+++ Material shown
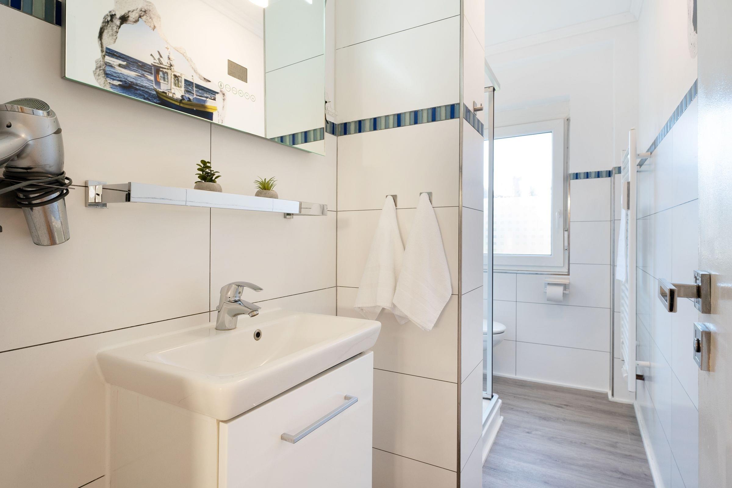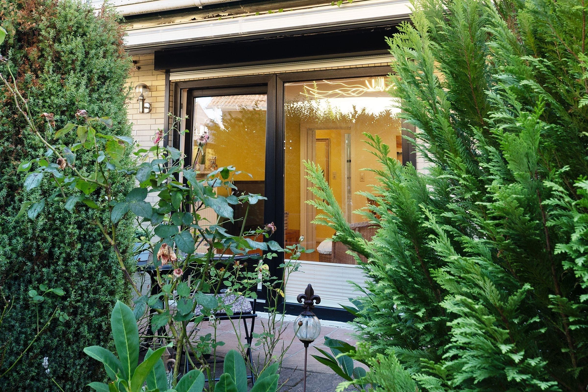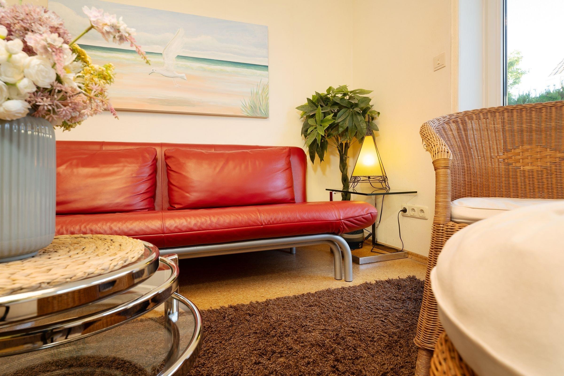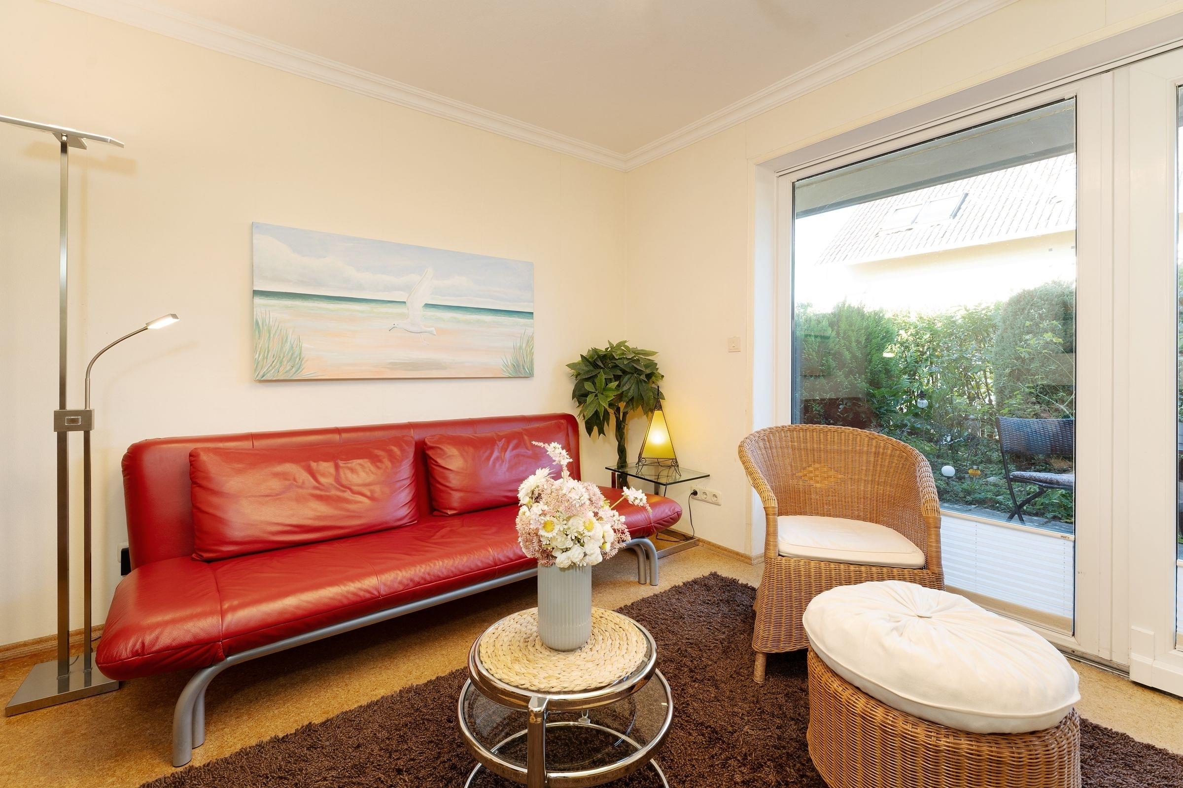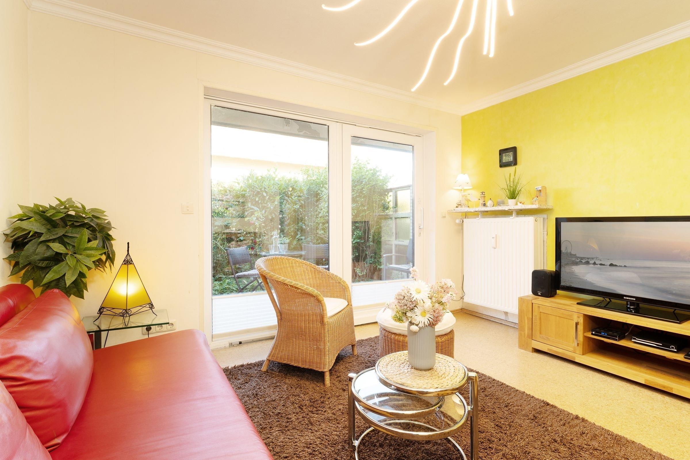 Durch einen kleinen Flur gelangen Sie in den geschmackvollen Wohn-/Essbereich. Ein großer Flachbildfernseher, ein DVD-/ und CD-Player sowie ein kostenfreier WLAN-Anschluss sorgen für Abwechslung und Unterhaltung. Das Sofa kann bei Bedarf in eine gemütliche Schlafstätte (140x200 cm) verwandelt werden. Am Esstisch in Tresenhöhe sind gesellige Abende beim Spielen und Essen möglich. Vom Wohn-/Essbereich betreten Sie direkt die große möblierte Terrasse und Ihren kleinen eingezäunten Garten, hier lädt eine Sitzgruppe und ein Grill zum Verweilen ein und gegen zu starke Sonneneinstrahlung schützt Sie eine Markise. Im Schlafzimmer erholen Sie sich nachts von ereignisreichen Urlaubstagen im bequemen Doppelbett (2x 80x190 cm). Ihre Urlaubsgarderobe können Sie problemlos im großen Kleiderschrank verstauen. Das schöne, ganz frisch renovierte Duschbad rundet die Ausstattung dieses Feriendomizils ab und wird Sie begeistern.
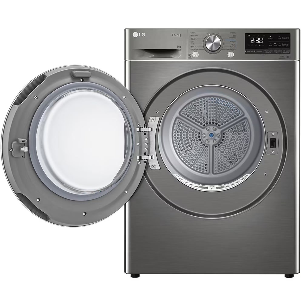 پیمایش چرخههای خشک کردن با کنترل دیجیتال LED بصری آسان است. به راحتی از بین چرخههای خشک کردن مختلف، از جمله معمولی، سنگین و ظریف، انتخاب کنید تا فرآیند خشک کردن را مطابق با نیازهای خاص خشک کن خود تنظیم کنید. برنامه Downloaded که جزئی از برنامههای خشک کن روی پنل است و به وسیله اپلیکیشن LG ThinQ روی گوشی هوشمند خود این امکان فراهم است که برنامههای خشک کن بیشتری دانلود نمایید. البته لازم به ذکر است که دکمه برنامه Downloaded علاوه بر دانلود برنامه خشک کن جدید، به صورت پیش فرض دارای برنامه Deodorization میباشد. ال جی این خشک کن را به قابلیتهای مختلفی مجهز نموده است تا بتوانید از امکانات متنوعتری که منجر به سهولت در انجام فرآیند خشک کردن لباسها میشود، بهرهمند شوید. برنامه Rack Dry برای خشک کردن ژاکت و پارچههای ظریف که باید به صورت صاف، بدون غلت خوردن خشک شود مورد استفاده قرار میگیرد. از برنامه Mixed Fabric هم میتوانید برای خشک کردن انواع لباسها به جز لباسهای حساس مانند ابریشمی و پشمی استفاده نمایید. برنامه Warm Air این امکان را فراهم میکند که فرآیند خشک کردن اقلام کوچک و لباسهای مرطوب، روپوش حمام و پارچه ظرفشویی و اقلام روزمره با استفاده از هوای گرم انجام شود. جهت خشک کردن انواع ملحفه، پتو، کاور مبل، بالش برنامه Duvet گزینه مناسبی میباشد. قابلیت More Time / Less Time برای افزایش یا کاهش دادن زمان خشک کردن البسه بر روی خشک کن 9 کیلویی ال جی پیاده سازی شده است.
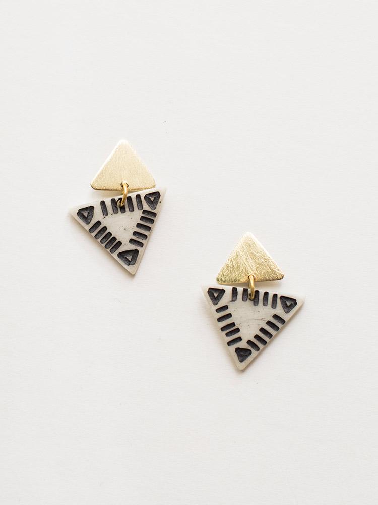 Add a touch of handmade flair to your everyday outfit. These gold tone earrings feature upcycled bone and subtle detail with its etched design.
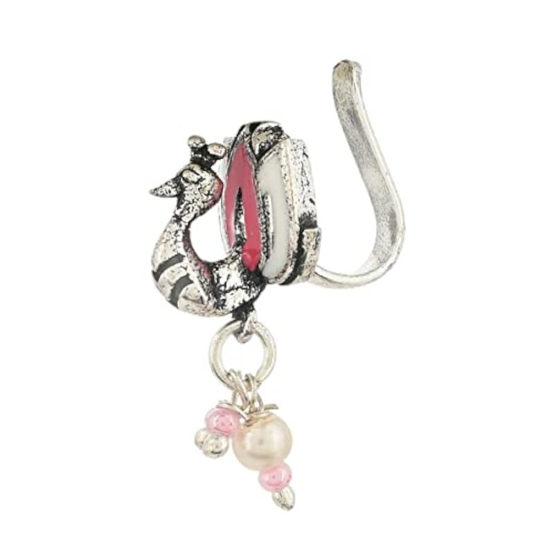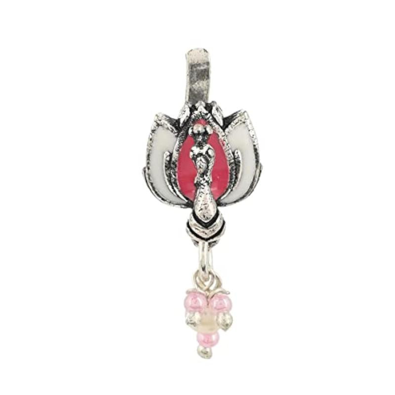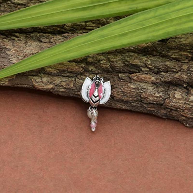This nose pin features a brass plated design with lightly embellished lotus motif for a delicate and elegant look.
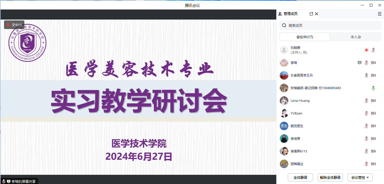 6月27日下午,医学技术学院在线上召开医学美容技术专业实习教学研讨会,各美容实习单位代表和学院相关人员参加会议,会议由副院长王丹主持。
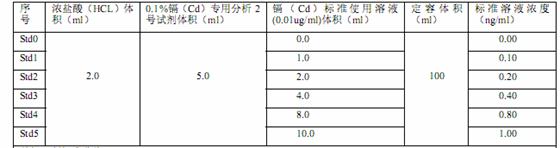 用1000ug/ml 的单实验室管理标准存放悬浊液逐一配置成 100ug/ml悬浊液,再逐一配置成夹杂着实验室管理标准悬浊液10μg/ml、1μg/ml酸度为10%(V/V)。
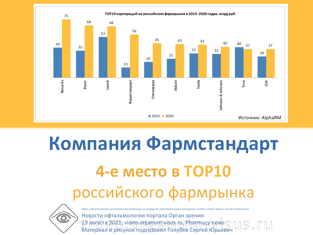 Компания Фармстандарт, Pharmstandard, вошла в TOP10 и заняла 4 место на фармацевтическом рынке России.
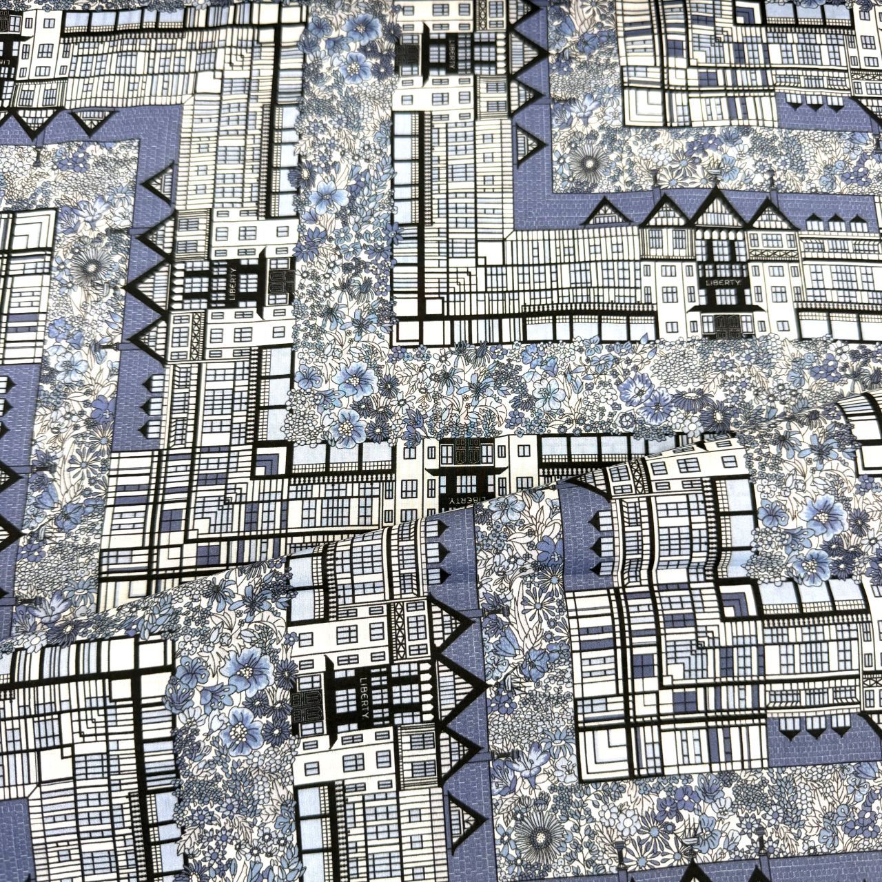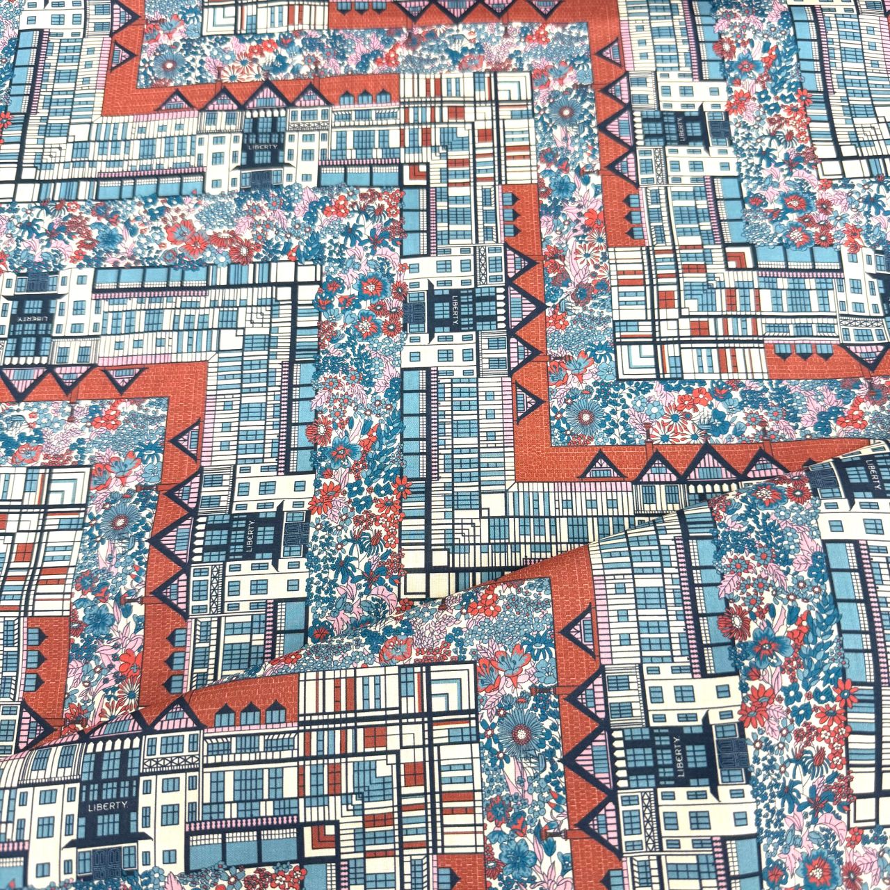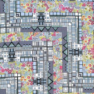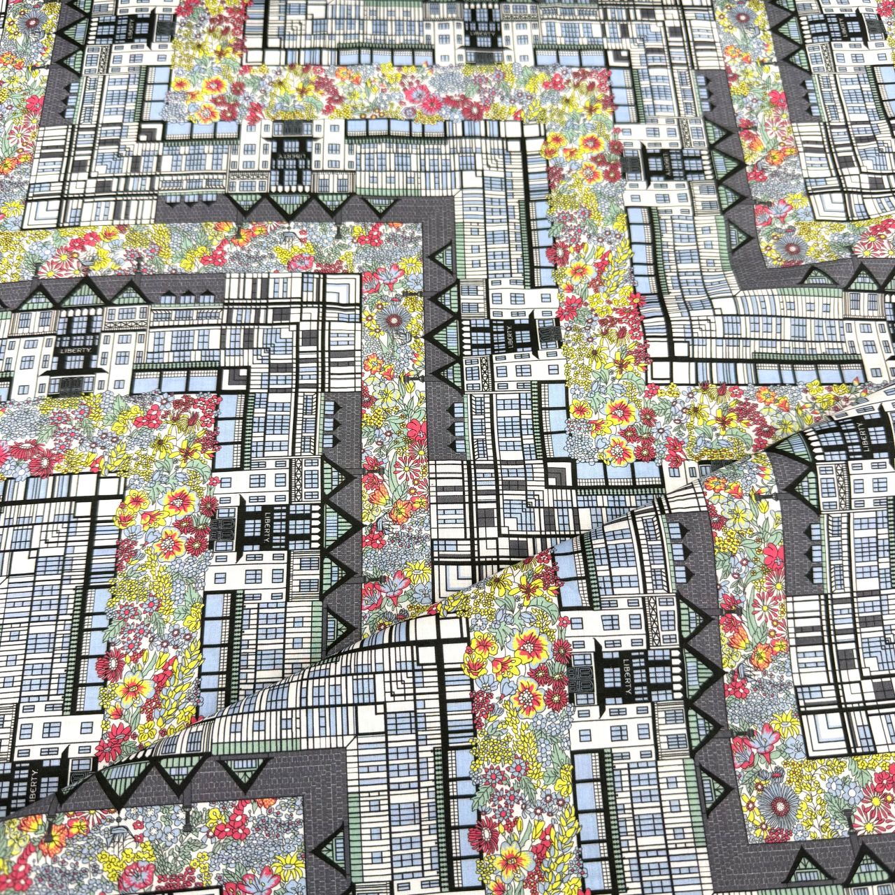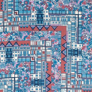 リバティを象徴するロンドンのフラッグシップストアへのオマージュとして描かれた、フローラルモチーフと建築的な幾何学要素を組み合わせたデザインの「チューダー・ベル」。
++++++
_Work task:_
For this exercise, transcribe exactly the part of the records above that opens with the line containing "Add a touch" and closes with the one containing "6月27日下午,医学技术学院". Pictures are not part of the copy.

_Output for this task:_
 Add a touch of handmade flair to your everyday outfit. These gold tone earrings feature upcycled bone and subtle detail with its etched design.
This nose pin features a brass plated design with lightly embellished lotus motif for a delicate and elegant look.
 6月27日下午,医学技术学院在线上召开医学美容技术专业实习教学研讨会,各美容实习单位代表和学院相关人员参加会议,会议由副院长王丹主持。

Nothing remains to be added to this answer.